I had the same error message this morning. I simply retyped everything, and it worked. If that fails, wait for the timeout period. And I HAD NOT tried to access my account previously either. I'm confident that it wasn't hacked


----------



## Number 18 (Dec 25, 2007)

@spiers
So kaspersky is good?
Thanks

@Triple6
woopsy soooorry 

@TerryNet
Yeah, I know but I think he got my IP address from a friend! ANd I'm using KIS 2010
Yes, I email Microsoft and they sent me a password reset email.

@antimoth
what's a drive-by-download?
And I only visit well known websites e.g youtube
So you're suggesting a format? or spyware doctor and kasper would do the trick?
And you don't sound like the voice of doom haha

@lunarlander
I know, but as I said before my password isn't an easy one to guess!

@flavallee
what account? this one? Number 18? 

@Bernardo
Hmmm but I tried both messenger and hotmail and couldn't get in while I was able to access my other account.


Thanks everyone for your help


----------



## perfume (Sep 13, 2008)

Dear 18,
You have received enough excellent advise! I will contain myself to two issues which were( i suppose!) not discussed in this thread! 1) Website Advisors and 2) The Kaspersky Internet Security Suite 2010 ( i hope you have the same version).

1) OK,dear friend, the days of blindly click,click and clicking on "website links" are gone for good! So what can we do? There are three time-tested and one provided by KIS2010! A) WOT (web of trust) : site : http://www.mywot.com/. Register and become a member there and contribute your part in increasing the WOT!WOT can be installed in IE and GOOGLE CHROME(IE'S SAYING CHROME IS KEY-LOGGING US ALL!) 
B) LinkExtend is an add-on in Firefox and uses "EIGHT" sources to identify the "risk" status of a site! As the name suggests, hover your mouse on the "link", right click and see for yourself!
C) McAfee Site Advisor is another site safety helper and i have no experience with it!

Of, all the above, i have personally found WOT to be the most PRO-ACTIVE!

D) IF YOU HAVE KIS2010, IT PROVIDES A URL ADD-ON TO FIREFOX! Download it ,as my browser of preference is Moz.Firefox3.6.3! KIS2010's URL Advisor can also be integrated into IE (IE8, being my last option browser).

Now, here comes the moment of truth! Honestly answer to yourself, whether you have read in the "HELP" section about 1)Mail Protection ,2) Web Traffic, which includes how you use Kas.URL.Advisor ,3) Protecting Instant Messengers Traffic ,4) How to "Firewall"the KIS Version. I have downloaded the entire firewall protocols ,etc,and how to "CONFIGURE" them to your needs, and it was FOURTEEN PAGES LONG! No pain,no gain! Just having an excellent Security suite is nothing. It's your input that really matters! I hope you have come to us all for clearing your doubts and slowly but surely gaining mastery over matters that matter! :up:
Suppose you type a URL in the address bar---> microsoft.com and right-click and select WOT, it will be like this thumbnail.(kindly click on the thumbnail to open and enlarge).

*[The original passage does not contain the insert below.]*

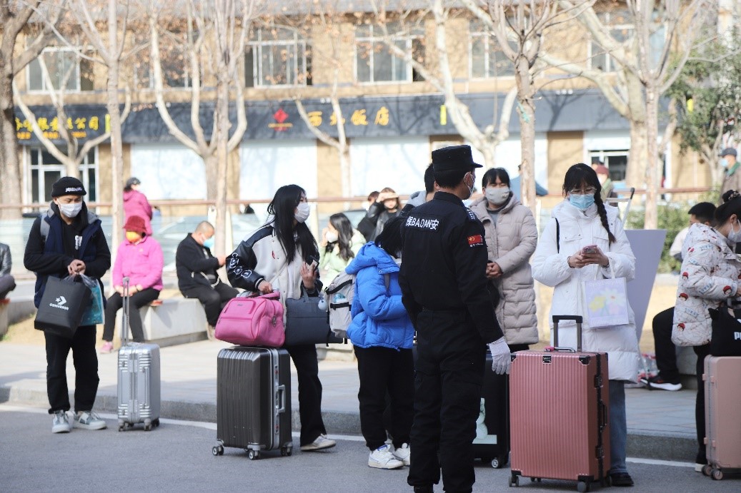 为保障同学们安全、顺利返校,公司高度重视、提前部署,各单位、部门分工配合、协同推进,精准对接员工返校的每一个环节。员工处协同各二级公司成立2023年春季学期员工返校工作组,多次召开专题会议研究部署,制定了详细的员工返校工作方案;提前发布开学返校通知,明确员工返校条件,落实员工返校前7天的健康打卡监测;针对上学期未到校的新生安排志愿者,协助办理报到手续,帮助熟悉校园环境,实现一对一精准迎接。返校当天,员工处负责人及各公司辅导员于7:30前在公司门口迎接员工,并开展返校申请核验、测温及入校签到等报到工作。后勤处提前完成了校园安全隐患排查,确保水电暖正常供应,对公共区域进行了全面消杀,并储备了疫情防控保障药品,进一步完善健康驿站服务工作,24小时值班值守切实为员工返校保驾护航。

KIS2010 has, in it's "security zone",a type of "sandbox"to which you can add FF,Chrome,Opera,with IE being the default browser there, which to an extent, protect your browser from sites (which have been "compromised")which can HACK AND PHISH YOU! Use it!


----------



## alexcarlson (Mar 9, 2010)

Hi,
If some ones on your network, it is a lot easier to 'hack' your computer.
If your talking about external threats, would be a lot harder because all the computers on your network should be masked using NAT.

Thanks


----------



## thingamajig (Mar 5, 2005)

Hacking just for an email password is a lot of work so I find it unlikely. If you are hacked, I'd be more worried about online banking. I suggest you check your other online accounts. 

Is your wireless secure? Anyone on your LAN can install a password sniffer which works with non-secure logins like email. Between that, phishing, and guessing secret questions, the only other reasonable option is a keylogger so make sure you don't have one.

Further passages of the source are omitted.